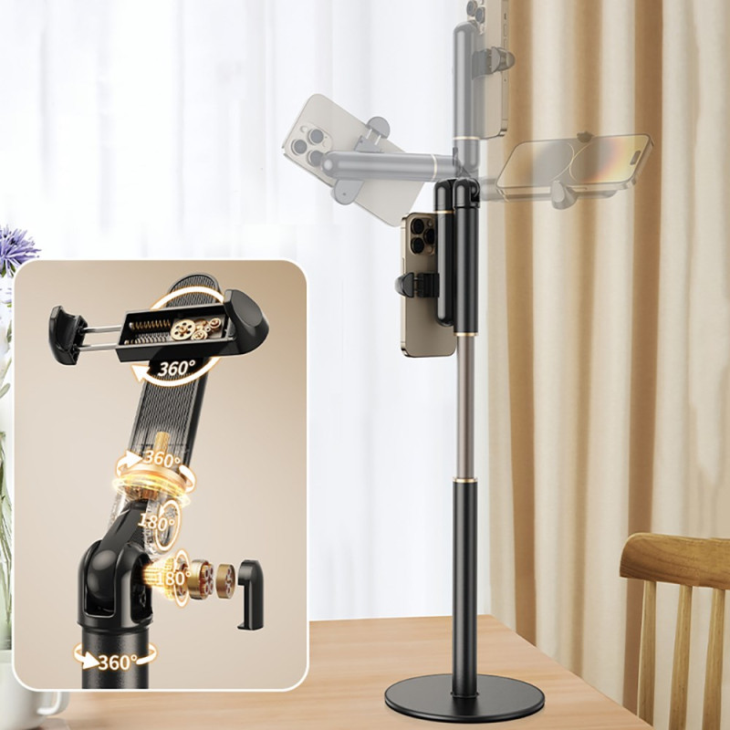 Ce support de téléphone extensible et rotatif est l’outil idéal pour le streaming, la création de contenu ou les visioconférences. Son bras réglable de 53 à 63 cm permet d’adapter facilement la hauteur pour obtenir un cadrage parfait, tandis que la rotule à 360° autorise une bascule rapide entre les modes portrait et paysage. Conçu en acier carbone, alliage d’aluminium et ABS, il offre une excellente stabilité même lors des prises de vue aériennes. Compatible avec les smartphones de 6 à 8 cm de largeur, il s’adapte à la majorité des modèles modernes. Solide et compact, il constitue un support fiable pour un usage quotidien.
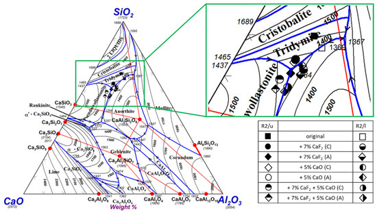 The design of the type and quantity of doping used in our experiments is based on the ternary Al2O3-CaO-SiO2 phase diagram presented in Figure 9, which exhibits the target area with lower liquidus temperatures as indicated in the close-up. To calculate and plot the compositions on the phase diagram, only the main oxide components (Table 3, Table 6 and Table S2) were considered. Slag compositions based on calculations from both ICP-OES and EPMA data are shown in comparison in Figure 9, which was computed with the FactSage version 7 and its FToxid database.
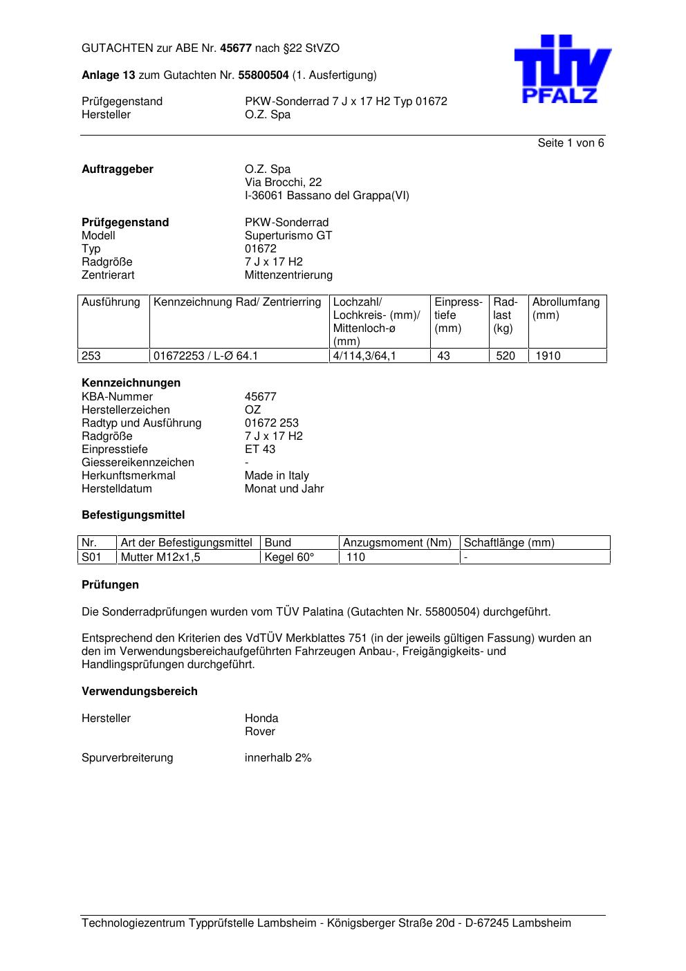 Dieses Gutachten (abe) bezieht sich auf die Alufelge co-rod 01672 in der Ausführung 7Jx17 ET 0, Mittenloch 0 mm (KBA 45677). Im PDF findest du typischerweise zulässige Reifengrößen, Auflagen/Anbauhinweise und – je nach Dokument – Hinweise zur Eintragung.

» Action item: Except for the pictures, give the data again word for word.

» Your response:
 Ce support de téléphone extensible et rotatif est l’outil idéal pour le streaming, la création de contenu ou les visioconférences. Son bras réglable de 53 à 63 cm permet d’adapter facilement la hauteur pour obtenir un cadrage parfait, tandis que la rotule à 360° autorise une bascule rapide entre les modes portrait et paysage. Conçu en acier carbone, alliage d’aluminium et ABS, il offre une excellente stabilité même lors des prises de vue aériennes. Compatible avec les smartphones de 6 à 8 cm de largeur, il s’adapte à la majorité des modèles modernes. Solide et compact, il constitue un support fiable pour un usage quotidien.
 The design of the type and quantity of doping used in our experiments is based on the ternary Al2O3-CaO-SiO2 phase diagram presented in Figure 9, which exhibits the target area with lower liquidus temperatures as indicated in the close-up. To calculate and plot the compositions on the phase diagram, only the main oxide components (Table 3, Table 6 and Table S2) were considered. Slag compositions based on calculations from both ICP-OES and EPMA data are shown in comparison in Figure 9, which was computed with the FactSage version 7 and its FToxid database.
 Dieses Gutachten (abe) bezieht sich auf die Alufelge co-rod 01672 in der Ausführung 7Jx17 ET 0, Mittenloch 0 mm (KBA 45677). Im PDF findest du typischerweise zulässige Reifengrößen, Auflagen/Anbauhinweise und – je nach Dokument – Hinweise zur Eintragung.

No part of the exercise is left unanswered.